WHAT THIS TASK INVOLVES
Answer with the exact lines of the following material from the one containing "1998 Dodge Ram ST 4x2 24A Package" through the one containing "0% † financing", both end lines included.

DATA SUPPLIED
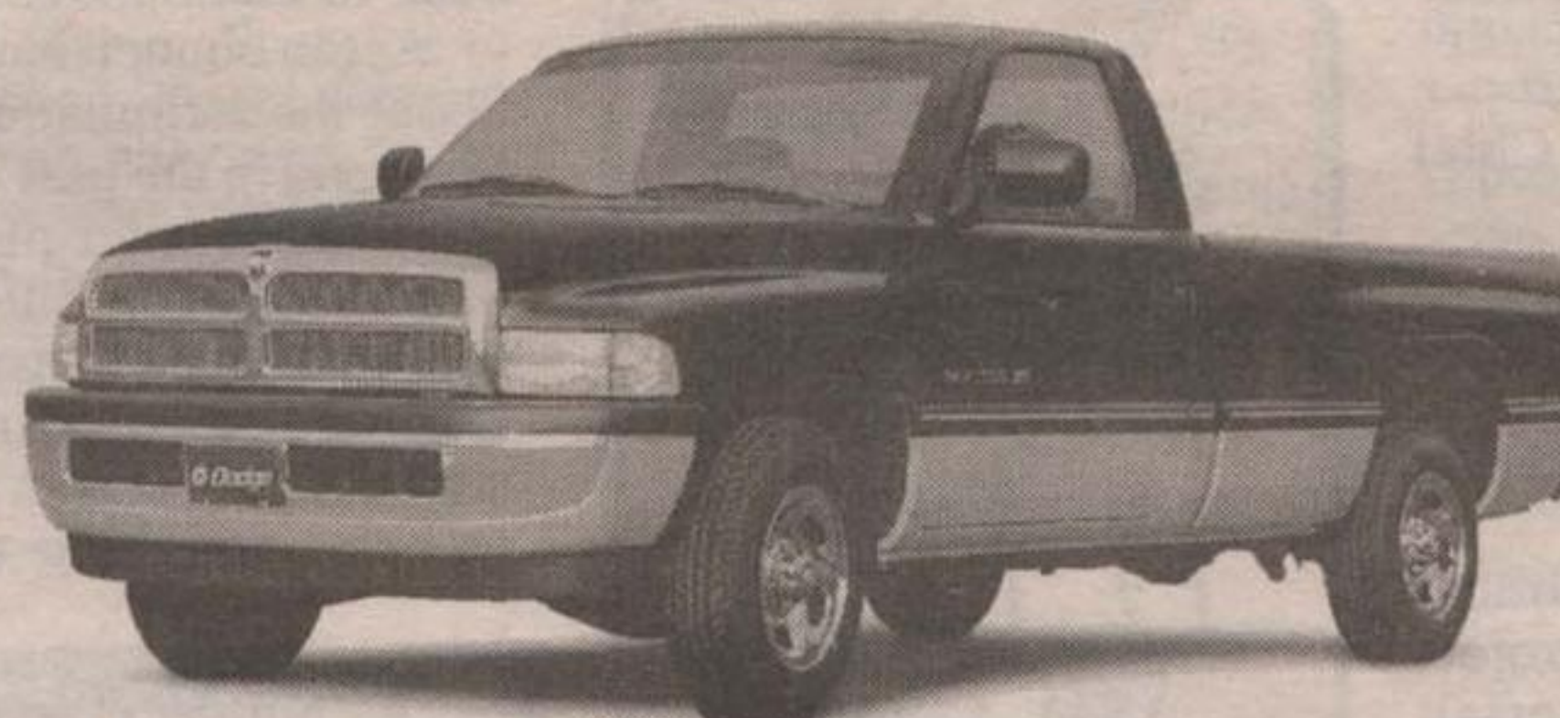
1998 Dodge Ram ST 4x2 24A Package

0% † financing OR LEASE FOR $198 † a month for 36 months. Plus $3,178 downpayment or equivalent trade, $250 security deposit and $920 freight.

--

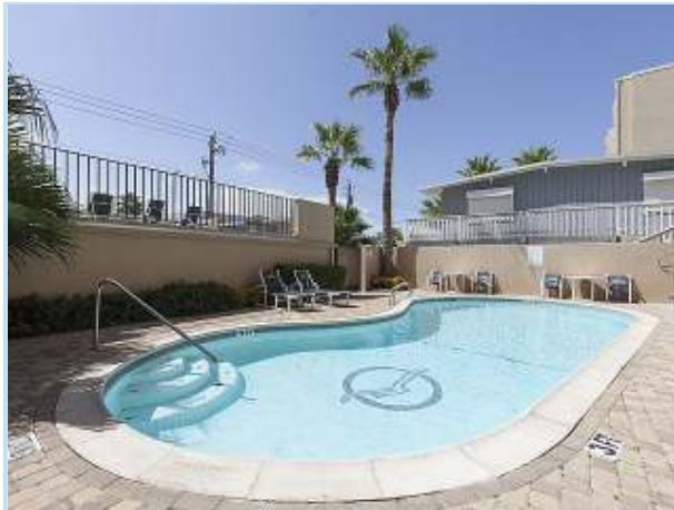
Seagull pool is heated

---

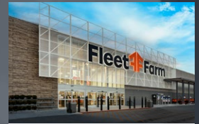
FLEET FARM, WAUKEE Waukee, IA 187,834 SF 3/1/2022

TASK RESULT
1998 Dodge Ram ST 4x2 24A Package

0% † financing OR LEASE FOR $198 † a month for 36 months. Plus $3,178 downpayment or equivalent trade, $250 security deposit and $920 freight.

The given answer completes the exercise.